A common pitfall in creating the work experience section of a resume is the 'one-size-fits-all' approach. Each role and organization that you apply to has distinct expectations and responsibilities attached to the position. Align your past work experience presentation to fit the prospective role. Incorporating keywords from the job description can increase relevance and mirror the language used by prospective employers.

Overall, the accuracy, relevance, coherence, and persuasiveness of your work experience section can significantly influence the impression the hiring manager forms about your candidacy.

It’s important to note that the work experience section should be crisp and precise. It should focus on being a cohesive narrative that is easy to follow and immediately tells the reader 'why you'd be the ideal candidate for the role'. While it is vital to mention important milestones in your career, discarding non-essential and irrelevant information will aid you in creating a succinct and compelling narrative.

Strong Experiences

  • Developed and implemented a comprehensive media strategy, resulting in 25% increase in audience engagement.
  • Led a cross-functional team to execute successful media campaigns and improve brand awareness.
  • Negotiated with vendors to secure preferred rates and optimize media buys for multiple projects.
  • Increased social media followership by 60% in quarter 4 of 2019 via targeted content strategy.
  • Supervised the production of over 15 TV commercials and directed production of promotional materials.

Why these are strong?

These examples are considered good because they highlight the candidate's achievements, communicate their competence, and clearly reflect their roles and responsibilities as a Media Director. They use specific metrics to quantify success and demonstrate the candidate's positive impact on their past employers. This is a good practice because it offers a concrete overview of the candidate's capabilities and the value they can bring to a potential employer.

Weak Experiences

  • Supervised stuff.
  • Handled some media campaigns and stuff.
  • Did some communications work.
  • Been in meetings.
  • Made sure things were OK.
  • Created flyers, websites, and a bunch of other things.
  • I was in charge of the media department.

Why these are weak?

The above examples are considered bad practices for several reasons.
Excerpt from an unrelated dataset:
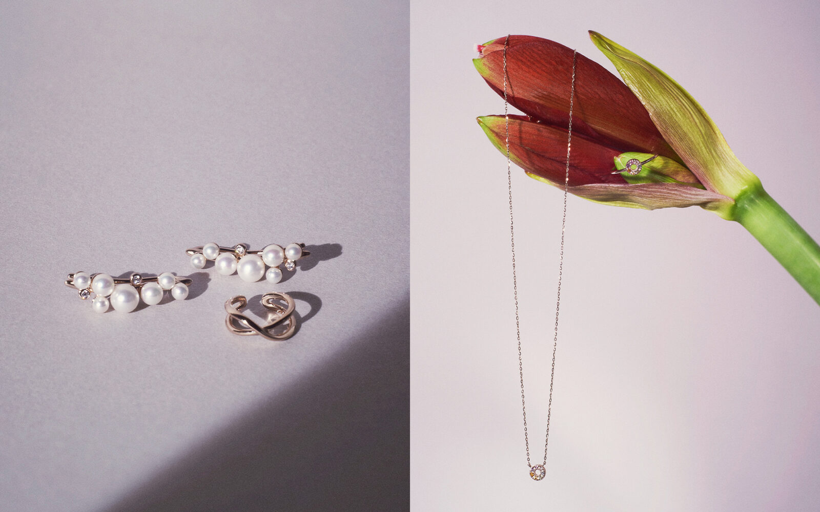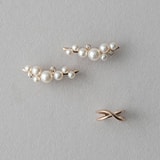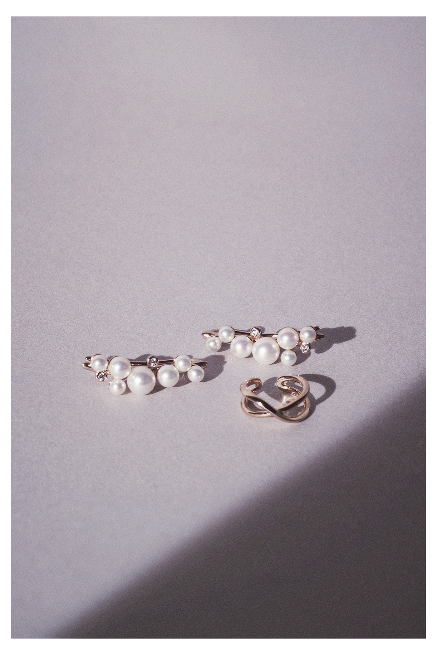 ミストピンクゴールドの地金にランダムな大きさのパールをあしらったイヤークリップと、ソリッドなデザイン性でさまざまなスタイリングに組み入れやすいイヤーカフがセットになった“Day Up”コレクション。健康や長寿などの意味を持つパールは新年のスタートにぴったり、キュービックジルコニアの輝きも加わって身に着けるだけで顔周りの印象を華やかに演出。重くなりがちな冬の装いに、セットでも単体ずつでも楽しめる、明るくてプレイフルなイヤージュエリーを。

Firstly, they are too vague and lack specificity in detailing the individual's responsibilities and achievements during their role as a Media Director. Terms like 'stuff,' 'things,' and 'some' do not let potential employers understand the breadth of the candidate's experience or skills. Secondly, roles such as a Media Director require concrete examples of leadership, strategic planning, and creative execution, which these points fail to highlight. Thirdly, there's a lack of quantifiable results or clearly defined tasks, which are essential in gaiving the scope, impact, and significance of the person's work. Lastly, these examples lack any indication of the individual's contribution to broader project goals or specific campaigns, which is a crucial element to showcase in any leadership role.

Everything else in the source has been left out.